Neither Queen of Detectives nor Mistress of Assassins felt a need to take the matter further. The inquest was less a formality than usual. The executioner complained of blown-out brains spattered all over his nice shiny blade. The Sûreté wittered about tracking the killer's client but didn't put in any work on the case.
Justice had been served.
The Persian left the two new Angels alone together, though both assumed Erik was listening.
Sophy did not look like an assassin, which was among the reasons why she was a very good one. She had thick, dark hair and a way of arranging herself side-on to present a slender target. She could turn up an inner light that made her a centre of attraction in any room, and fade it down to become all but invisible. An enviable knack – to let people see but not notice you. La Marmoset usually had to employ the more tiresome, limited method of wearing a dress and hat which matched the wallpaper.
La Marmoset raised her veil to show her unadorned face. Sophy looked at her, from several angles, and nodded.
'Nice,' she said, 'but it isn't you.'
La Marmoset knew what the other woman meant and wasn't offended.
The matter of Mr Calhoun was raised.
'Your husband, you…?' The Greek woman made a twisting gesture with her hands and a
kkkrrkkk sound at the back of her throat.
Knowing she needed Sophy's trust, La Marmoset gave a single nod.
'Good,' said Sophy. 'Me also. He was no husband, my Harry Latimer, but… you know how such things happen.'
La Marmoset did.
'Your Mr Calhoun – justice was served?'
La Marmoset thought about it.
What had separated her from a policeman or an examining magistrate was that justice and law were beside the point. As a detective, she was interested in truth alone. What was done with truth was up to others. It had not been her decision to prosecute Frederick Hohner only for the crime which could easily be proven against him.

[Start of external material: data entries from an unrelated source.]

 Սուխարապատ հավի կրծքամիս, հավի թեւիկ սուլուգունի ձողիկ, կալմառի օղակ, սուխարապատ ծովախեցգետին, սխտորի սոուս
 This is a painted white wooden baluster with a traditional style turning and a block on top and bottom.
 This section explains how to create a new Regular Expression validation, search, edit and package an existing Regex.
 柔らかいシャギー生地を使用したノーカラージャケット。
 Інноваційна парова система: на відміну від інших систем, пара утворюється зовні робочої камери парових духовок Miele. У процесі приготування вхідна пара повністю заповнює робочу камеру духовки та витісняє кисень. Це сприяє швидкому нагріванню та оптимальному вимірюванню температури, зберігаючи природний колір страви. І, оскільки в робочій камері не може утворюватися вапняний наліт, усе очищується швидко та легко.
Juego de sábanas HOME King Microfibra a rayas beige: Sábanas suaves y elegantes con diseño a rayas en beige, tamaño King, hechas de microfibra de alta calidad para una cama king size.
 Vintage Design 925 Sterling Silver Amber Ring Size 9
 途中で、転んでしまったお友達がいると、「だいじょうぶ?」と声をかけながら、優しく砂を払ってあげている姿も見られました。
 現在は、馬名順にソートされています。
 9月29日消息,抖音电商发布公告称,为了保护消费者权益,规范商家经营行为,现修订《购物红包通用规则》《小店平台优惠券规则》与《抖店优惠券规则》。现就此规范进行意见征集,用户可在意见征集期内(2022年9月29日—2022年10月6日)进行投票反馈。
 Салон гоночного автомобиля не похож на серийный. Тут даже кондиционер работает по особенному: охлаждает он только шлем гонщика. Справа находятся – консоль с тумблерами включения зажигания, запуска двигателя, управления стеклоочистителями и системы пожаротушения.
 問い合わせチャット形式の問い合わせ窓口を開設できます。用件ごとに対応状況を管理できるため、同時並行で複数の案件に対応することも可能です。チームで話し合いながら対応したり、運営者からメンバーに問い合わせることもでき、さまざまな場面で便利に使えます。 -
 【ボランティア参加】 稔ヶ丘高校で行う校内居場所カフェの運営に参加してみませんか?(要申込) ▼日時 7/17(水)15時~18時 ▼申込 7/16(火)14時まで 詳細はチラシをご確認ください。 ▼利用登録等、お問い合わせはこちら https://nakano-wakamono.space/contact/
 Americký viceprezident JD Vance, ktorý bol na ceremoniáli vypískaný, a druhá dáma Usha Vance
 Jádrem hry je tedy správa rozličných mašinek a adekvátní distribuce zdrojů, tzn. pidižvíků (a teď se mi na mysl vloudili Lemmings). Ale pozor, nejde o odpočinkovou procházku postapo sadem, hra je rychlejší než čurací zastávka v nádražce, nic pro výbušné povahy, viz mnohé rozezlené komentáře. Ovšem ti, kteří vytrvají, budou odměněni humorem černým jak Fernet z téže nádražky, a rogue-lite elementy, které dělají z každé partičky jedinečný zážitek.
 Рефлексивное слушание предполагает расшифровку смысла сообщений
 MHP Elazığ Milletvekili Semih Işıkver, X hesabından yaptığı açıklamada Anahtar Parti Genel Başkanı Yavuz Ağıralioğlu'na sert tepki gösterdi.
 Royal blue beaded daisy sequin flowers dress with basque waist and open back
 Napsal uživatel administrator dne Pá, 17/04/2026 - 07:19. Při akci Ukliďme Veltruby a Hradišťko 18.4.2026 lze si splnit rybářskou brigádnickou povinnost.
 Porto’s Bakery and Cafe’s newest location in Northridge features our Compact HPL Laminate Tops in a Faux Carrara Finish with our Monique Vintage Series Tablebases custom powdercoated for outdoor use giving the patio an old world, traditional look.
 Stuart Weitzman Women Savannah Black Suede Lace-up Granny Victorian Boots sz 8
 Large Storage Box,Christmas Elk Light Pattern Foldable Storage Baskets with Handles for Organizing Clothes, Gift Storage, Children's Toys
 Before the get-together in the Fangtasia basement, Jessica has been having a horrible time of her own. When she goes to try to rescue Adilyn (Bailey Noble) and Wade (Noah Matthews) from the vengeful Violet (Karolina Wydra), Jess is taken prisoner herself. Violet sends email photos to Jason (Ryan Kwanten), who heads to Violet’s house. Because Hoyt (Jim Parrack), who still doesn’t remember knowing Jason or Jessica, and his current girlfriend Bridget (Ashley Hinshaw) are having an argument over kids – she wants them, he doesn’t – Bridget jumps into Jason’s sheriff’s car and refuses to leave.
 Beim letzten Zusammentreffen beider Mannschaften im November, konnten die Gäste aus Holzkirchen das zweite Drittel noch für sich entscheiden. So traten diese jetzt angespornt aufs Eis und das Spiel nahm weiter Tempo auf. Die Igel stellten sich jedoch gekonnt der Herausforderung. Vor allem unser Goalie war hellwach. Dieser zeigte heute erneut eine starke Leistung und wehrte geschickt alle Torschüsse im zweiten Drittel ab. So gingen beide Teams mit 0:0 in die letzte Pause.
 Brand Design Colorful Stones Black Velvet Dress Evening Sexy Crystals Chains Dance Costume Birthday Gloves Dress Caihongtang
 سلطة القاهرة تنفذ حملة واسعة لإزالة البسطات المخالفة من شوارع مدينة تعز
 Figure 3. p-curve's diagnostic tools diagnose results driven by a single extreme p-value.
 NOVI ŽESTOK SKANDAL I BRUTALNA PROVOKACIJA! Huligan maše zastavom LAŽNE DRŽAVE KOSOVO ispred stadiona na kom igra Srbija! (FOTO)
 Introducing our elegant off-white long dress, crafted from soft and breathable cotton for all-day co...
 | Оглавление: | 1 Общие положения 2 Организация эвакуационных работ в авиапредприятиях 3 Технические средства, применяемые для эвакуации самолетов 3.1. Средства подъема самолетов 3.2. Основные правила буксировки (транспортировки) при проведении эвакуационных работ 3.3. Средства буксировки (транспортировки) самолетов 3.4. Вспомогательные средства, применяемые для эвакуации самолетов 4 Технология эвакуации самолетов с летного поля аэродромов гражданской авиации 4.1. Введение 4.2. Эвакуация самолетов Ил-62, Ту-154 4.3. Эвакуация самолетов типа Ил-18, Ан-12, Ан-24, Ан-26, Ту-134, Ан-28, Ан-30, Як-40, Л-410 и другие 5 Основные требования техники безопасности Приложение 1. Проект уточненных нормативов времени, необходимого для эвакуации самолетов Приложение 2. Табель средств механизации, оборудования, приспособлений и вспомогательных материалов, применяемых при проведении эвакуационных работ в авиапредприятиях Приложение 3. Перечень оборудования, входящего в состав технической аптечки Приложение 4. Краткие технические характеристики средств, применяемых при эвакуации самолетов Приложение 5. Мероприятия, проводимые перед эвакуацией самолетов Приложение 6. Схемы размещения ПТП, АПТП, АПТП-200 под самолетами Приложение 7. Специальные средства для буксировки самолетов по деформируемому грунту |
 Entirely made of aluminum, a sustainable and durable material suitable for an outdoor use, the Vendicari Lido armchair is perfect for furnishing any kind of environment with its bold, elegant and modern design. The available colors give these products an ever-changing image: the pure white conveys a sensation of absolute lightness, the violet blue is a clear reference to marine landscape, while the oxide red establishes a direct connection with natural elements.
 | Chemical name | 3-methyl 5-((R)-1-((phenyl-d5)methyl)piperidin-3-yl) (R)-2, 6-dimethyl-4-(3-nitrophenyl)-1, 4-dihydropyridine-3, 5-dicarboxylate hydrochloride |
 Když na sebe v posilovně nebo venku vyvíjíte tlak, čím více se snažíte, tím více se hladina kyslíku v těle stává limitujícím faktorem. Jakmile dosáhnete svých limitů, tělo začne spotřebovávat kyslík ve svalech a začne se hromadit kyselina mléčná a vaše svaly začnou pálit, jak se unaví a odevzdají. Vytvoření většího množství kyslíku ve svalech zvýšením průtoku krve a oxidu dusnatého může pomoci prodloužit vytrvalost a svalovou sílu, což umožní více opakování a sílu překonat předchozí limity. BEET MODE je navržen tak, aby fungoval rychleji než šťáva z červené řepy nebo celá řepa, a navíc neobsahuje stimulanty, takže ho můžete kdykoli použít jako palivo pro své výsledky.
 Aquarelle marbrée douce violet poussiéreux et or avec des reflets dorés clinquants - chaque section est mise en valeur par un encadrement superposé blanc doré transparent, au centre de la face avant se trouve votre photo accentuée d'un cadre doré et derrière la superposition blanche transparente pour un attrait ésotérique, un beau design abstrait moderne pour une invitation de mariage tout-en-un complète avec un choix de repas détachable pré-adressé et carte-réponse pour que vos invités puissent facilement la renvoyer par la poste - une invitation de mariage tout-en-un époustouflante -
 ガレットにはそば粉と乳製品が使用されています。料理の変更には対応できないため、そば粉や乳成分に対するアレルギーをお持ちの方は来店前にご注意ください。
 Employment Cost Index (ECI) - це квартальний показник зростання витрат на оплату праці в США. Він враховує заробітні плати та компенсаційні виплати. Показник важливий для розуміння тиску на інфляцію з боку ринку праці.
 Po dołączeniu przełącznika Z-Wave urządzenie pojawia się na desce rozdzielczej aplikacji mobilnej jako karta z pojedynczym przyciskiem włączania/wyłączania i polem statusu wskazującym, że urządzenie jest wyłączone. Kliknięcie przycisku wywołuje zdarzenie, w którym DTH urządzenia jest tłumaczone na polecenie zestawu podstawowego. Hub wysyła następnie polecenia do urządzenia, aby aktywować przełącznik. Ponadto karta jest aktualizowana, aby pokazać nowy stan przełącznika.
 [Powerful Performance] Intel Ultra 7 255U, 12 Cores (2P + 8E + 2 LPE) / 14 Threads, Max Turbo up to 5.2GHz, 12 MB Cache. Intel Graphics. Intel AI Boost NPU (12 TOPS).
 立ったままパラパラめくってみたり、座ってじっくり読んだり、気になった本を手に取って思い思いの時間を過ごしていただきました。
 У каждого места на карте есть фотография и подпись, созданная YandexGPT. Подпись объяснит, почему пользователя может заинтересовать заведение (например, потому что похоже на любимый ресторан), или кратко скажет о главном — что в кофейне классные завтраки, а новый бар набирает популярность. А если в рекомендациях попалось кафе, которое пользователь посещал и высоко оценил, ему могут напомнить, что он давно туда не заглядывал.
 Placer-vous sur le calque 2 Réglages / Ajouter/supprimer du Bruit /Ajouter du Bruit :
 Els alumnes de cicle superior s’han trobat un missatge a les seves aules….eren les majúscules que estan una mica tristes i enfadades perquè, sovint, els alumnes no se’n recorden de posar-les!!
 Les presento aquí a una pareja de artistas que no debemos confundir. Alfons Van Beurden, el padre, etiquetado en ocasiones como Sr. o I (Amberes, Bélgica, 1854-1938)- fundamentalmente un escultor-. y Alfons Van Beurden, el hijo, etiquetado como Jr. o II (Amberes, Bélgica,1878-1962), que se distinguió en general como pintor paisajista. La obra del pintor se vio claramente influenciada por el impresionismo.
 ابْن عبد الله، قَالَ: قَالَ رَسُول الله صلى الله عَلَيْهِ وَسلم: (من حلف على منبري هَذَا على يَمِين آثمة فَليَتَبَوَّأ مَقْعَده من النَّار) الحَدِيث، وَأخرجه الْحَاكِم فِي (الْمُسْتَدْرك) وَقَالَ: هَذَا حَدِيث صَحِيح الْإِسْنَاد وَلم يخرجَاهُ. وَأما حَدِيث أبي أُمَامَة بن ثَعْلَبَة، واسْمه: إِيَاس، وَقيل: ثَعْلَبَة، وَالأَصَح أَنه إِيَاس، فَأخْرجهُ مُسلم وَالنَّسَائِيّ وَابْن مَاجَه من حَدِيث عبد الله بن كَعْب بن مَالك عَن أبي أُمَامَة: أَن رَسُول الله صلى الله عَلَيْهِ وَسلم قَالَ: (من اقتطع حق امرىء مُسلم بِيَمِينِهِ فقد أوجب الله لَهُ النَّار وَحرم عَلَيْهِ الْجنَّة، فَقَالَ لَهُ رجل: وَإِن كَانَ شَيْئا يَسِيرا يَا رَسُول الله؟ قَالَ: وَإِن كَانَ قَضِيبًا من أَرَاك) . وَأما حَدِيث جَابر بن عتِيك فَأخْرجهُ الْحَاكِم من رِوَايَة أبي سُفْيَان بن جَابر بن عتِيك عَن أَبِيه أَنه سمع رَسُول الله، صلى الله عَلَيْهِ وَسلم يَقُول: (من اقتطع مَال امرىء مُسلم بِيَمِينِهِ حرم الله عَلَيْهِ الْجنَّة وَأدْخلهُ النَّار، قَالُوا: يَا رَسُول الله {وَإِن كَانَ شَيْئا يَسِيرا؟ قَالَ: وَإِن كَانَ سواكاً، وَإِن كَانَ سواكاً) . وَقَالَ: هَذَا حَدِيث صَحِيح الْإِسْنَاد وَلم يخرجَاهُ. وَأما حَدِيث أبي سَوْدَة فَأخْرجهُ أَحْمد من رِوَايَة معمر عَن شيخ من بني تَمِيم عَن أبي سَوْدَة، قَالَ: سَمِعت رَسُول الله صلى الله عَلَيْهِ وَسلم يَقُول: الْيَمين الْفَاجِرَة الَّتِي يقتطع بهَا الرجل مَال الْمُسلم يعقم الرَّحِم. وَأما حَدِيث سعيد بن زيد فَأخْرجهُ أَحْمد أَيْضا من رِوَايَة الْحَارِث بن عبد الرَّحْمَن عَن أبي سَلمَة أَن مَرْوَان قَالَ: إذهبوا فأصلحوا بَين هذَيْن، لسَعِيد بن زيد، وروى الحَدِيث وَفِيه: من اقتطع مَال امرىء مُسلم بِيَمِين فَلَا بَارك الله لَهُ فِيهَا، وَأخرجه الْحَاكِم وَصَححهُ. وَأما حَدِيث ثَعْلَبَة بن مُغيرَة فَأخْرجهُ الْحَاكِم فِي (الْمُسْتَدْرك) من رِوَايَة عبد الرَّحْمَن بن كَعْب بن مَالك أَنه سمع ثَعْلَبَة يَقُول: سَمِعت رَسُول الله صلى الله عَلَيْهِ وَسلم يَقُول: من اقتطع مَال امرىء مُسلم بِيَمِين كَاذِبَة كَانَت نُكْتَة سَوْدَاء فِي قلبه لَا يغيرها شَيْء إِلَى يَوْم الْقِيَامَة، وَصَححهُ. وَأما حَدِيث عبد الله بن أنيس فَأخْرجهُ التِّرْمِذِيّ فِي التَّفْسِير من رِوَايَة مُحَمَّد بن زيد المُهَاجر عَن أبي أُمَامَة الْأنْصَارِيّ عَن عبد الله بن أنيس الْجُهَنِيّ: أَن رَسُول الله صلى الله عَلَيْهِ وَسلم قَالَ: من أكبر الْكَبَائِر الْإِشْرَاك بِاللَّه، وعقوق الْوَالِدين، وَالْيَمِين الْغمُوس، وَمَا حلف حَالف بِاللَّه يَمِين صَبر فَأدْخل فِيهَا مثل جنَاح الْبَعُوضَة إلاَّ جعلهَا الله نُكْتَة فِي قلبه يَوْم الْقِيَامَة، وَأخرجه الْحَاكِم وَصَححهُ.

With Mr Calhoun, that was changing. She had tried and convicted and carried out the sentence herself.
'A court might not think it, but… yes. Justice was served.'
'Good. With Kemp and Latimer, also. We are friends now.'
The women embraced.
Both had crossed lines, from victim to avenger, from detective to (she admitted) murderess. Sophy had become more herself – indeed, only herself – after being taken for granted by men who presumed on her. They hadn't noticed Sophy in the corner as they argued about arrangements concerning her without consulting her. Even Paul Kratides didn't think to ask his sister whether their money was more important to her than his life. How surprised had Latimer and Kemp been to wake up with knives twisting in their bellies? Did they even realise who was ending their wicked lives?
With less clear-cut right on her side in the matter of Mr Calhoun, La Marmoset had become no one… though she saw her friend, in tiny moments of inaction, envied her fluid identity, her ability to take off one mask and put on another. For Sophy, there was too little joy in justice. The Opera Ghost Agency, which at least required her to do things other than kill people, was drawing her out of the numbed shock she still felt at her brother's murder.
La Marmoset and Sophy had worked together on complicated matters and, at the conclusion of every case, agreed.
Justice was still served.
Sometimes, it was down to Sophy to serve it. La Marmoset had never seen anyone better with a pistol or knife. Or at the tidying-up after.